[Required work] From the first line of the records below, transcribe each line exactly up to and including the one with "Maria Luísa: A"; pictures stay out.

Extracted records:
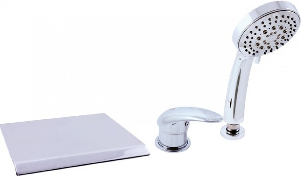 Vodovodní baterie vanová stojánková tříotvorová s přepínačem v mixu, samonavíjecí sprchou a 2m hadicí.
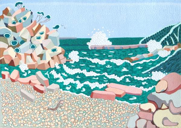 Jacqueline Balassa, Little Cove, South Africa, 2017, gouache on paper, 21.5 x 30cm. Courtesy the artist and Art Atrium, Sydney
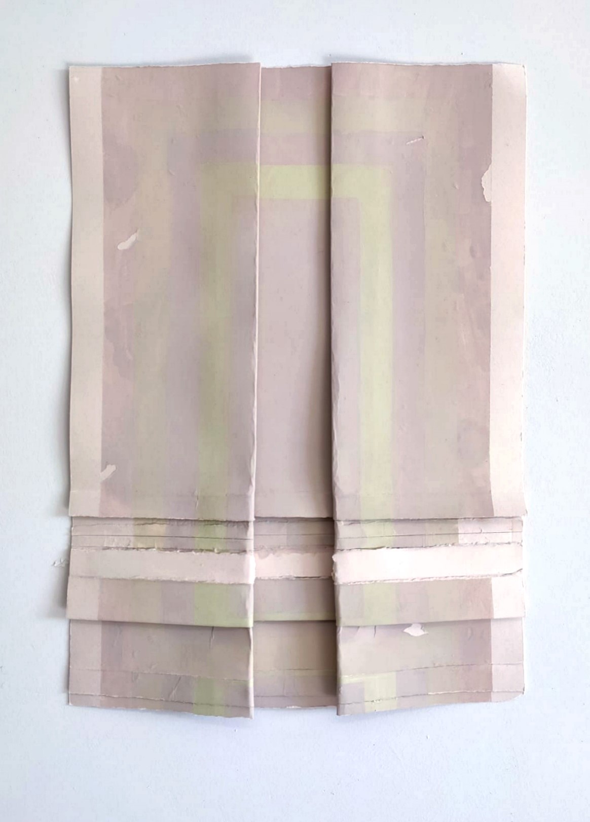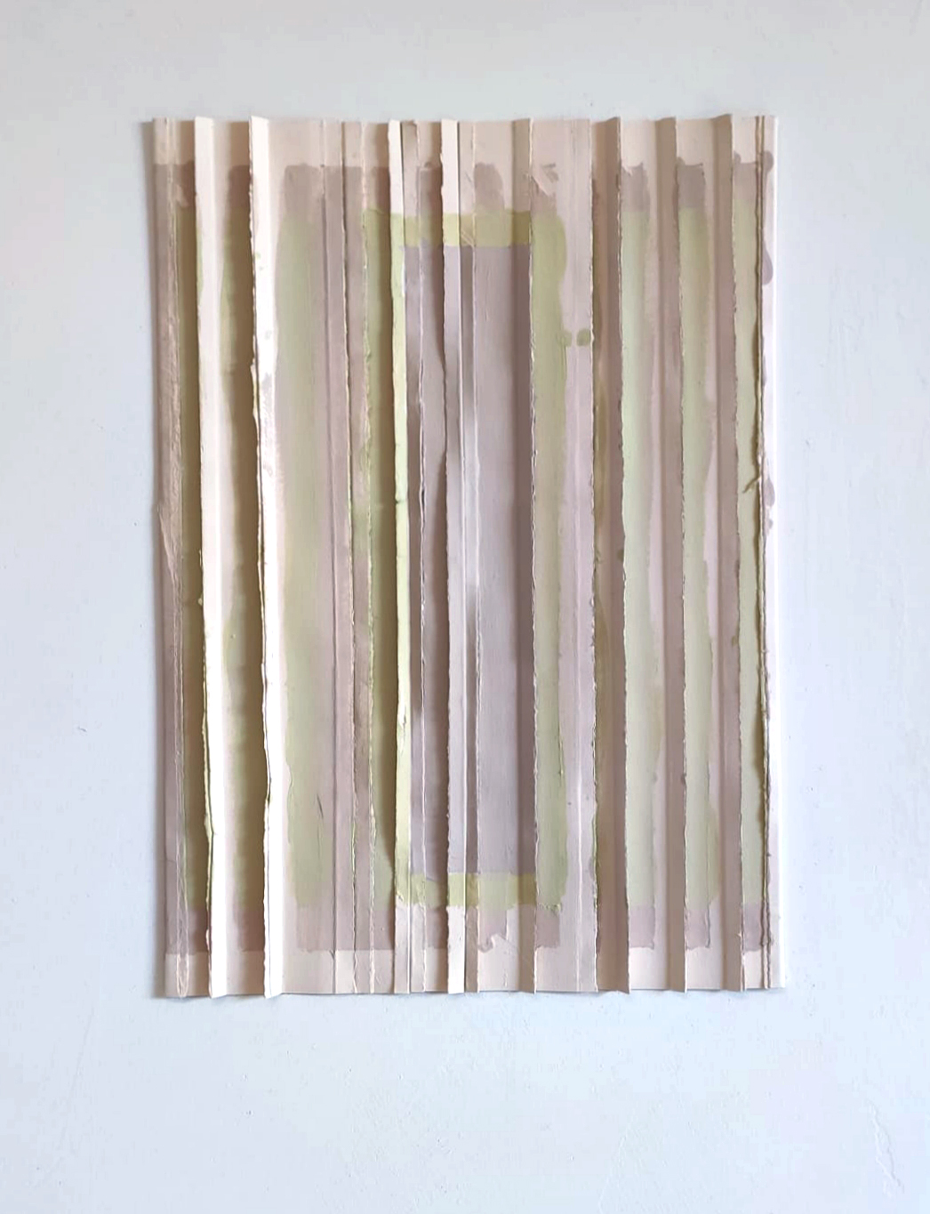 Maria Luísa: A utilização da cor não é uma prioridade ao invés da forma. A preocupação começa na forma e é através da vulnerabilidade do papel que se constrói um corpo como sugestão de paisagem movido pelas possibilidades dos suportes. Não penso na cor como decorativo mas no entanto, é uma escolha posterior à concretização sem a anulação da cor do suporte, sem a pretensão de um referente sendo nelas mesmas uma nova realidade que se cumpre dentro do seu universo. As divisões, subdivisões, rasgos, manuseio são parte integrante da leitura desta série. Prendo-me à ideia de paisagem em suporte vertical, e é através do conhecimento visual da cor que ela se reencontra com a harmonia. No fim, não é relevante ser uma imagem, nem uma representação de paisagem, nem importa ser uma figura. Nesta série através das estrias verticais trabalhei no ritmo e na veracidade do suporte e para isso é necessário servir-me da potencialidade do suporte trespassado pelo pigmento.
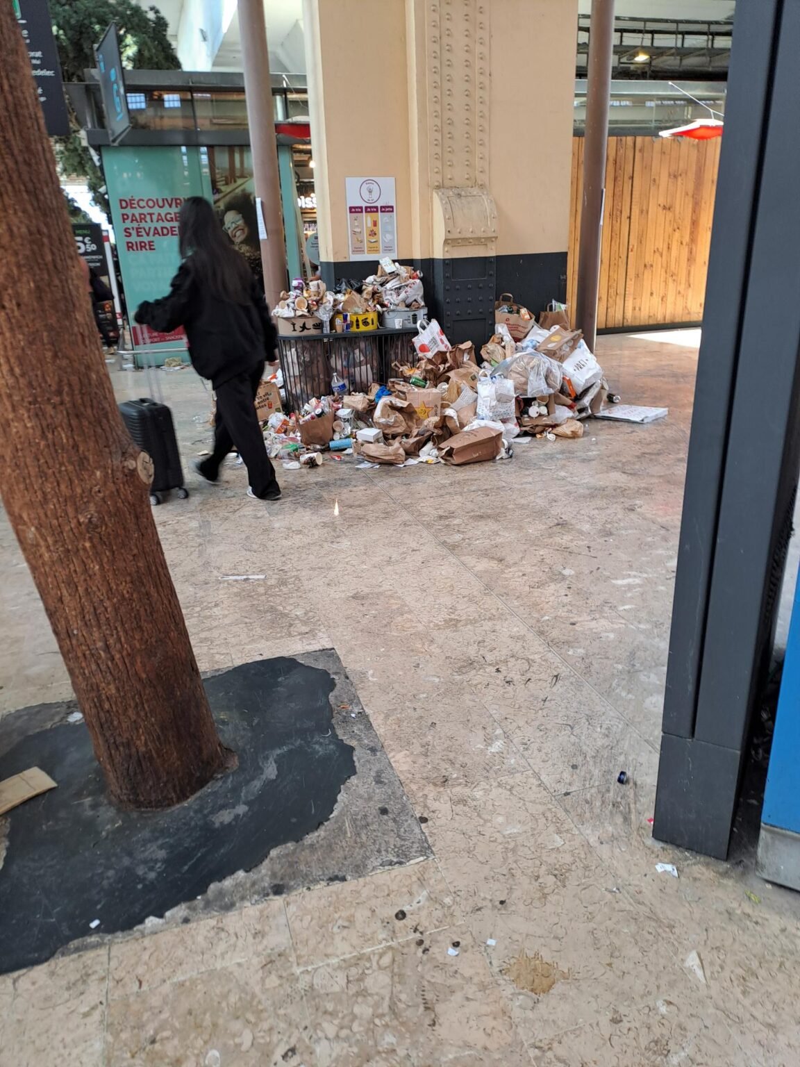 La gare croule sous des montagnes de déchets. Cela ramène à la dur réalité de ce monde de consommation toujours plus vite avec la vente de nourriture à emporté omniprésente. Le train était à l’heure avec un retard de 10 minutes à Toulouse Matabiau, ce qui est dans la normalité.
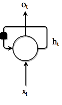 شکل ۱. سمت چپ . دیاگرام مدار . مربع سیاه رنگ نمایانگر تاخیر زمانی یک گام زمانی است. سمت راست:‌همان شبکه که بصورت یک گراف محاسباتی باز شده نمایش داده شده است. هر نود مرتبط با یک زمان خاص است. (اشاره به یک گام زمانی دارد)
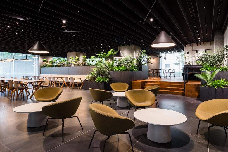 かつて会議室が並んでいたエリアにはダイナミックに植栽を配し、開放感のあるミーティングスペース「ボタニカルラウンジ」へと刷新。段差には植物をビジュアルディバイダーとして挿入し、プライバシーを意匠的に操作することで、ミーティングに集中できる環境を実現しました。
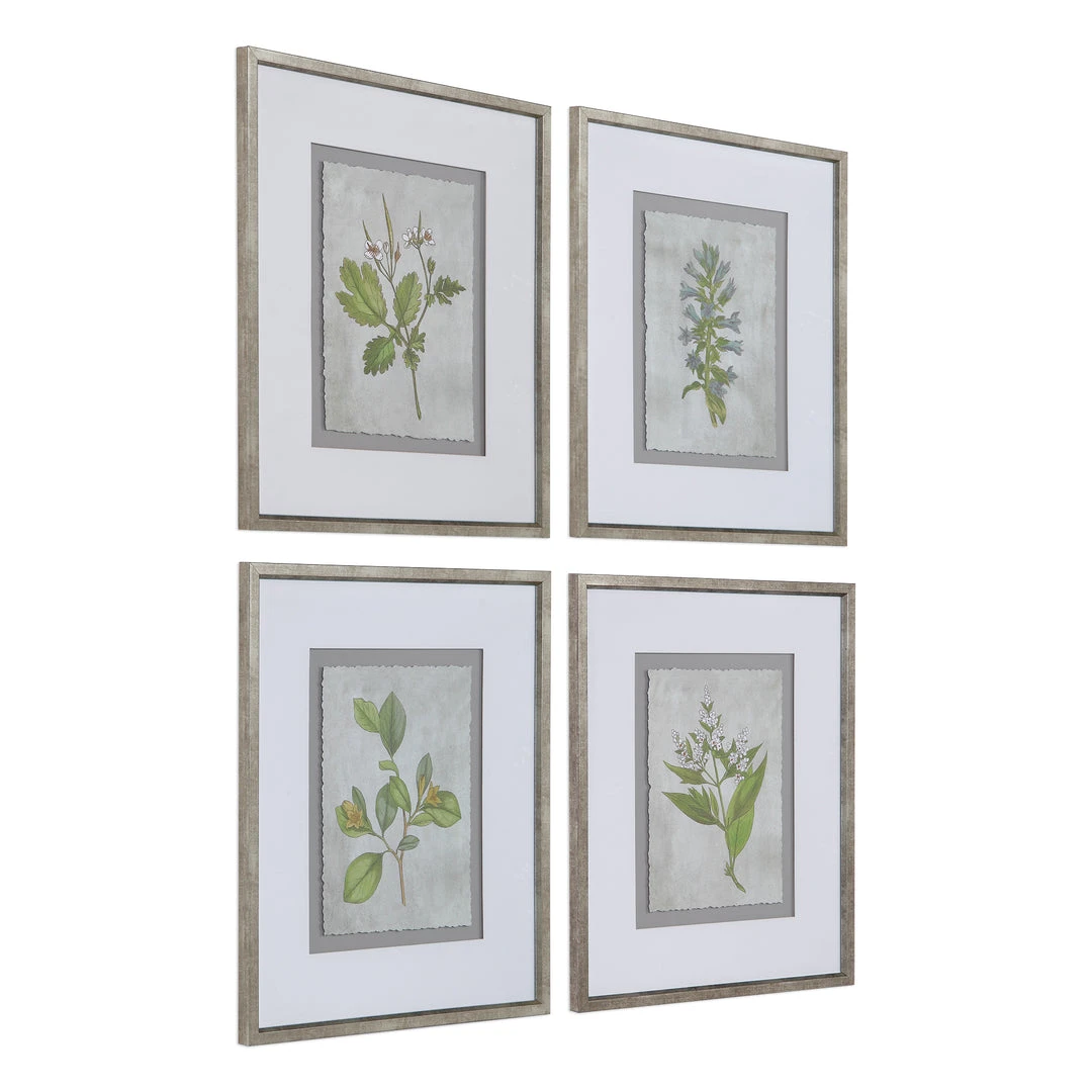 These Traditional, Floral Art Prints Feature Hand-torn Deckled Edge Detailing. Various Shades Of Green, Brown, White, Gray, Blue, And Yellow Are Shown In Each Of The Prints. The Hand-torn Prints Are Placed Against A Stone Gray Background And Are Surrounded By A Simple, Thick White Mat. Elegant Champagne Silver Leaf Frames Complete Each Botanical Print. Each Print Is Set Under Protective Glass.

[Expected output]
 Vodovodní baterie vanová stojánková tříotvorová s přepínačem v mixu, samonavíjecí sprchou a 2m hadicí.
 Jacqueline Balassa, Little Cove, South Africa, 2017, gouache on paper, 21.5 x 30cm. Courtesy the artist and Art Atrium, Sydney
 Maria Luísa: A utilização da cor não é uma prioridade ao invés da forma. A preocupação começa na forma e é através da vulnerabilidade do papel que se constrói um corpo como sugestão de paisagem movido pelas possibilidades dos suportes. Não penso na cor como decorativo mas no entanto, é uma escolha posterior à concretização sem a anulação da cor do suporte, sem a pretensão de um referente sendo nelas mesmas uma nova realidade que se cumpre dentro do seu universo. As divisões, subdivisões, rasgos, manuseio são parte integrante da leitura desta série. Prendo-me à ideia de paisagem em suporte vertical, e é através do conhecimento visual da cor que ela se reencontra com a harmonia. No fim, não é relevante ser uma imagem, nem uma representação de paisagem, nem importa ser uma figura. Nesta série através das estrias verticais trabalhei no ritmo e na veracidade do suporte e para isso é necessário servir-me da potencialidade do suporte trespassado pelo pigmento.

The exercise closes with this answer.